Content starts
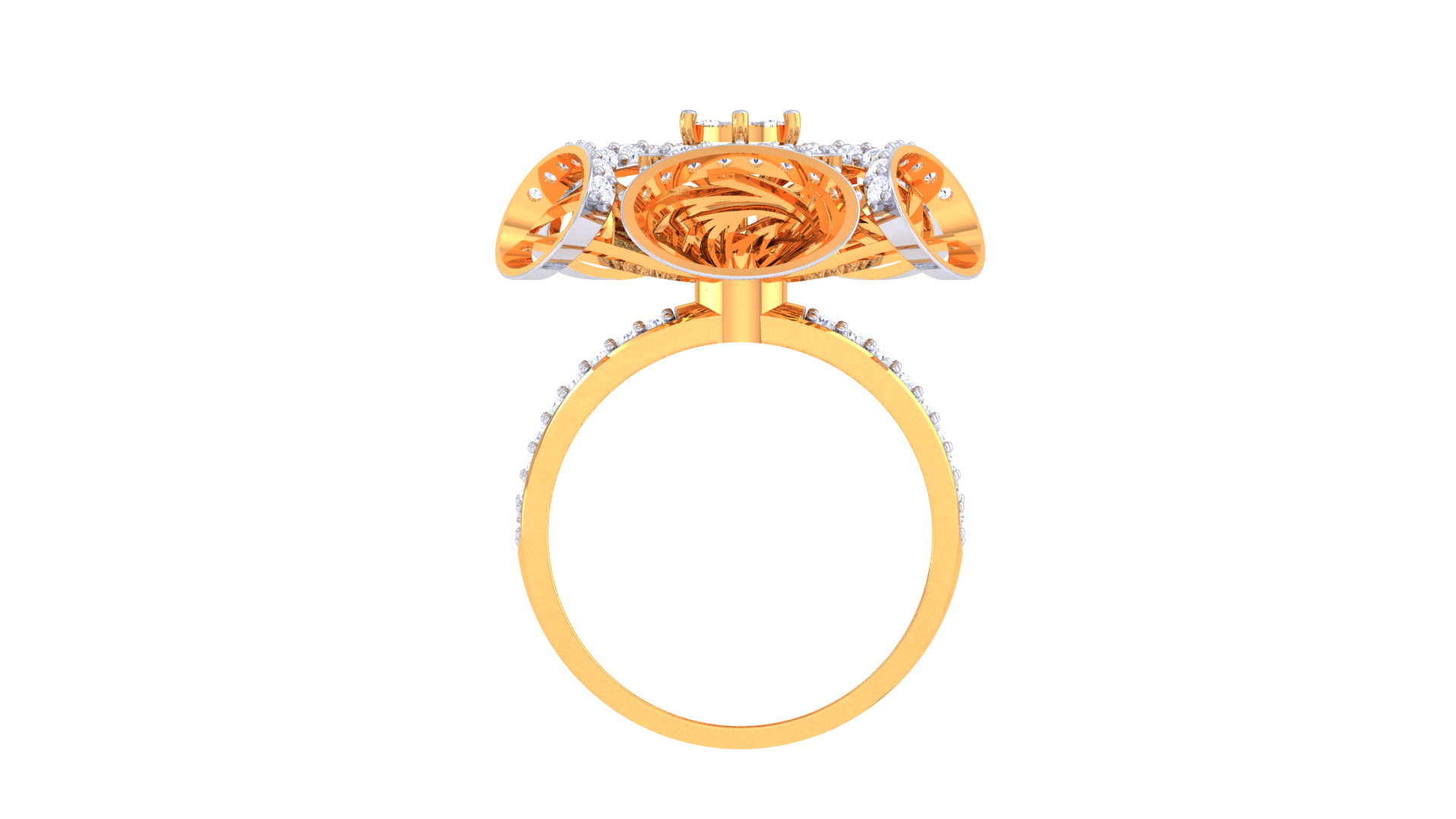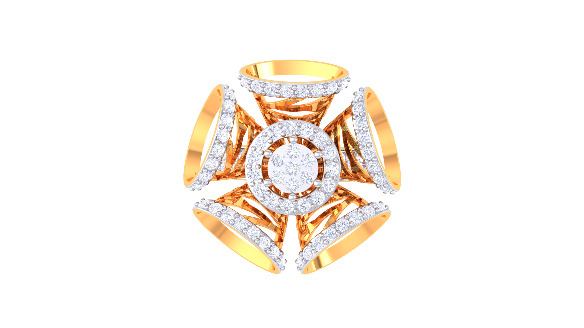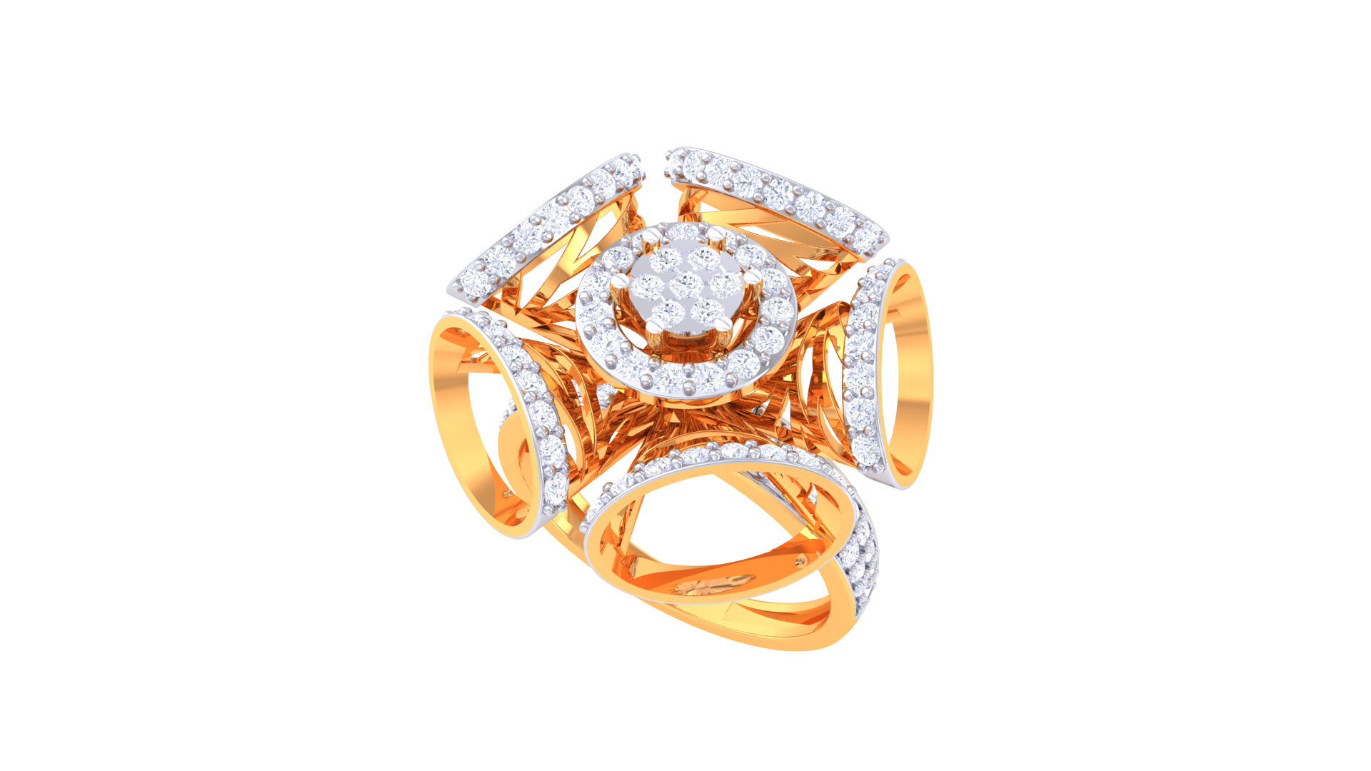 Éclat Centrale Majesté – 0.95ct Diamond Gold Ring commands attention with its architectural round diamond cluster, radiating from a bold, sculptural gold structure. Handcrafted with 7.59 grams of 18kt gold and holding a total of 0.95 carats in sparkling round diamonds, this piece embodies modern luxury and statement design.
Content ends
Content starts
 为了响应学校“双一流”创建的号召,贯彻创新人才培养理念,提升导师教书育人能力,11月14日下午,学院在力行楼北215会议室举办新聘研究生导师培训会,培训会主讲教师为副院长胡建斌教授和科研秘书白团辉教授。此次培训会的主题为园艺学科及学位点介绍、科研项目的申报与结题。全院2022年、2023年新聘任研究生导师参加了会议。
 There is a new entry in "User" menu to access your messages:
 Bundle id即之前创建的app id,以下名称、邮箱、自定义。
Content ends
Content starts
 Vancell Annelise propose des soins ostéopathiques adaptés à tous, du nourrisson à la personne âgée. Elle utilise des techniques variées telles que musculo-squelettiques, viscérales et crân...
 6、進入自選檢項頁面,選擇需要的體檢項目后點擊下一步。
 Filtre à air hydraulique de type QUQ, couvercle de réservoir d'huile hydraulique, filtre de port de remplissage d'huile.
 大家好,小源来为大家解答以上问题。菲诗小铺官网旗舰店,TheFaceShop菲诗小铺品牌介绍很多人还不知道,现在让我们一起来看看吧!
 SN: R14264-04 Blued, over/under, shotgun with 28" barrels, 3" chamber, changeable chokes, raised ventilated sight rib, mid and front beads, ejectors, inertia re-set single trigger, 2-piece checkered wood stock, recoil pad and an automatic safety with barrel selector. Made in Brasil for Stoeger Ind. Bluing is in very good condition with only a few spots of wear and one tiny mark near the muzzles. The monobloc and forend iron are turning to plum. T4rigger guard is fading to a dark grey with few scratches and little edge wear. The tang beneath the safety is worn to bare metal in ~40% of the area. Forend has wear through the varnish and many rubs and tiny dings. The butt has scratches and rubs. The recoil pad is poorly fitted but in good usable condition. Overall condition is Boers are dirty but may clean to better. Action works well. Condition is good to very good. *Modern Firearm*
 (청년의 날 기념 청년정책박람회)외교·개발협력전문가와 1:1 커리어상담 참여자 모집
Content ends
INSTRUCTIONS FOR THE TASK: All lines in the listing above between the line with "Filtre à air" and the line with "大家好,小源来为大家解答以上", inclusive, should be set down exactly, and no line outside that range.

RESPONSE TO THIS TASK:
 Filtre à air hydraulique de type QUQ, couvercle de réservoir d'huile hydraulique, filtre de port de remplissage d'huile.
 大家好,小源来为大家解答以上问题。菲诗小铺官网旗舰店,TheFaceShop菲诗小铺品牌介绍很多人还不知道,现在让我们一起来看看吧!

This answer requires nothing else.